Ilyse Hogue wrote on her Facebook page:
Sorry, David Daleiden. You don't get to create fake videos and accuse abortion providers of "barbaric atrocities against humanity" one day and act shocked when someone shoots to kill in those same facilities the next.

And you, Troy Newman -- using Operation Rescue to call for state-sanctioned execution of doctors who serve women -- and then crying crocodile tears when someone takes that vision into their own hands.

It's America. You are free to have your speech. The language you choose matters.

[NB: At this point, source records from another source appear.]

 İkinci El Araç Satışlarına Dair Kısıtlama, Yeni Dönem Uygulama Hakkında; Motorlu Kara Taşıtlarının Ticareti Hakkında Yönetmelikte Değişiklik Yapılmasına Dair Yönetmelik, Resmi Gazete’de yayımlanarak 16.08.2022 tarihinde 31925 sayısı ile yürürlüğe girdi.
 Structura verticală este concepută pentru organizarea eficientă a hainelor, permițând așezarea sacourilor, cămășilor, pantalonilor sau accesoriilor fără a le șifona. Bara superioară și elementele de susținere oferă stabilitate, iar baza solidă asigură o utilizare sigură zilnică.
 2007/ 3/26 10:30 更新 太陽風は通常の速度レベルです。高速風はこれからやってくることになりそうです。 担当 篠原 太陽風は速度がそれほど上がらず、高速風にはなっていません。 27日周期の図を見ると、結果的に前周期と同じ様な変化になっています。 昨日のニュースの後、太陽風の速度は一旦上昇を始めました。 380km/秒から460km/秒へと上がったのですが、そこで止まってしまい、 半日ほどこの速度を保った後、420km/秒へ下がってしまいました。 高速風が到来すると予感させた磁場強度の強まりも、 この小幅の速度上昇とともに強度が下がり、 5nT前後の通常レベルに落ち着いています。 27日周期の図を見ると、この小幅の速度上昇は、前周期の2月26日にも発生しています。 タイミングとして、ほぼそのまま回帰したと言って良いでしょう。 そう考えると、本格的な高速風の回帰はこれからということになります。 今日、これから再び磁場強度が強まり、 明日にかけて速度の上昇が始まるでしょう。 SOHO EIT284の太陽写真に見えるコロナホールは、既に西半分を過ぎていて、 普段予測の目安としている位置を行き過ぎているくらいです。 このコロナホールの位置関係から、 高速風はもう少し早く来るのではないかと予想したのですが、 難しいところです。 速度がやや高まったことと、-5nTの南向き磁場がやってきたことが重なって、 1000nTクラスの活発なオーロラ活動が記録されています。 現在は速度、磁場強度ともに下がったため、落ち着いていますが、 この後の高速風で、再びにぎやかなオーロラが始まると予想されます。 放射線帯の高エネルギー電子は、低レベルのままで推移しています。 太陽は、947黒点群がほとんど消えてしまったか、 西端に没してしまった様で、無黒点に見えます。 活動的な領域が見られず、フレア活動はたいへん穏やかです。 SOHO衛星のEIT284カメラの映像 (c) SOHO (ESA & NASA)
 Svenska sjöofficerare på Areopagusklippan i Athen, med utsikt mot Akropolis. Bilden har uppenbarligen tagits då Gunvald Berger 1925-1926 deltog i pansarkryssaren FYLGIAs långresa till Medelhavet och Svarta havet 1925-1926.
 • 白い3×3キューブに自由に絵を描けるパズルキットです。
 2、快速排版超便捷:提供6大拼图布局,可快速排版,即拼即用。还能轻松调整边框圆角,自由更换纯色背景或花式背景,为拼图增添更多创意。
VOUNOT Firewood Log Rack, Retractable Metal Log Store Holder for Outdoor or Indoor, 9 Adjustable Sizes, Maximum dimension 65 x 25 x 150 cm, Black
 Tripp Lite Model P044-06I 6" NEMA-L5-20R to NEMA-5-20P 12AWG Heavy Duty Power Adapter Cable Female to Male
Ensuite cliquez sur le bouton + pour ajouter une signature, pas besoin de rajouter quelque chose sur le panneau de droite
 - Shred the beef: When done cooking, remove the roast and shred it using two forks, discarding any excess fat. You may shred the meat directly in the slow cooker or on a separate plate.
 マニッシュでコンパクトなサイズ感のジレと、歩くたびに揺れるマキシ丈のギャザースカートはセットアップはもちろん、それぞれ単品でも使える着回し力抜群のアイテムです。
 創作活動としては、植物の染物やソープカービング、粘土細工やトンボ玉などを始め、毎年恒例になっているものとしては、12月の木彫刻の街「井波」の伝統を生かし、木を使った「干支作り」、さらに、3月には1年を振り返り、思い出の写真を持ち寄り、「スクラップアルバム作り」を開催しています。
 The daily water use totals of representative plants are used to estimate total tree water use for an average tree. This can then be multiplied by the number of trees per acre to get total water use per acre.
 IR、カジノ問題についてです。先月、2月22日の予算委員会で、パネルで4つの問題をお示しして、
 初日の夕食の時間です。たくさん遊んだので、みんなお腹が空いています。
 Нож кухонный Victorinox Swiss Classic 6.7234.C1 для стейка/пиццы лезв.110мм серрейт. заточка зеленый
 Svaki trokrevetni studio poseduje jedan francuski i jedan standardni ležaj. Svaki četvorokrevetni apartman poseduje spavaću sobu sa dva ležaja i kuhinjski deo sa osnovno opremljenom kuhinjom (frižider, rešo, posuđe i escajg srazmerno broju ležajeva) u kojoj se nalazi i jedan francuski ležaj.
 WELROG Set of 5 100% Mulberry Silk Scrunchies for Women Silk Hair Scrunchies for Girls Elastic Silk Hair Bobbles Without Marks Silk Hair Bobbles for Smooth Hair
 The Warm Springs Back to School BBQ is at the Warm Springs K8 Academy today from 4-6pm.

You are not free from the judgement of the consequences of your hate-filled rhetoric.
Free speech is a cherished value in America.   But so is reasonable moderation when it comes to someone else's safety.   We don't allow someone to cry "Fire!" in a crowded theater and start a stampede.  Nor should we allow people's lives to be endangered by a climate of hate speech that falsely demonizes them.   At the same time, we cannot take away people's freedom to speak their minds.

Finding the elusive line in that gray area -- that's where wisdom and judgment are called for.   Look at the presidential candidates.   Which ones do you think have that wisdom and judgment, as well as the courage to act on the wisdom and judgment?

Carly Fiorino, for one, rejects any connection between rhetoric and violence.   On Fox News Sunday, she called it "typical left-wing tactics" to attack the messenger.   Fiorino, herself, probably more than any other GOP candidate, stirred the anti-abortion hype during one of the debates with her melodramatic description of gruesome details of the (fake) video she claims to have seen.   It was later established that what she described had nothing to do with Planned Parenthood -- but she has not backed down nor retracted her claiminstead, just yesterday she repeated to Chris Wallace on Fox News the false claim that PP "sells body parts."   Using her slippery rhetoric, hoping that people won't notice, she said:
"Well, first it [selling fetal body parts for research] is not "alleged."   Planned Parenthood acknowledged several weeks ago that it would no longer take compensation for body parts, which sounds like an admission that they were doing so."
Wallace, like most journalists these days, did not challenge her false equivalence and context slippage.   The undisputed fact is that PP has been, quite legally, accepting reimbursement only for the actual expenses of preserving and shipping fetal tissues to legitimate research institutions.  They have never "sold body parts."  No one has offered a shred of evidence that they do.  But Fiorino slides from "compensation" (payment for actual expenses) to "doing so," which can only refer in this context to her charge of "selling body parts."

In order to try to avoid even this false charge, PP went the extra mile and announced it would no longer take this expense compensation.   But Fiorino takes that as an admission of guilt.   GRRRR.   This is one of the subtle ways Republicans lie.  If your wording is carefully crafted with the specific intent to deceive your audience, leading the average person to draw the wrong conclusion -- then I call it lying.

There has, in fact, been a sharp increase in threats to Planned Parenthood Clinics, and there have been several actual cases of arson, since that fake video was given such media spotlight last summer.   If these conservative politicians don't want to accept any blame for fomenting violence with their rhetoric, then let them attach a disclaimer to everything they say about the subject.   They should warn people:  "No matter how upset you get about what you hear us say, do not resort to violence."   Otherwise, they are part of the problem.   Yes, you, Carly Fiorino.   And you, Ted Cruz.  And especially you, Mike Huckabee.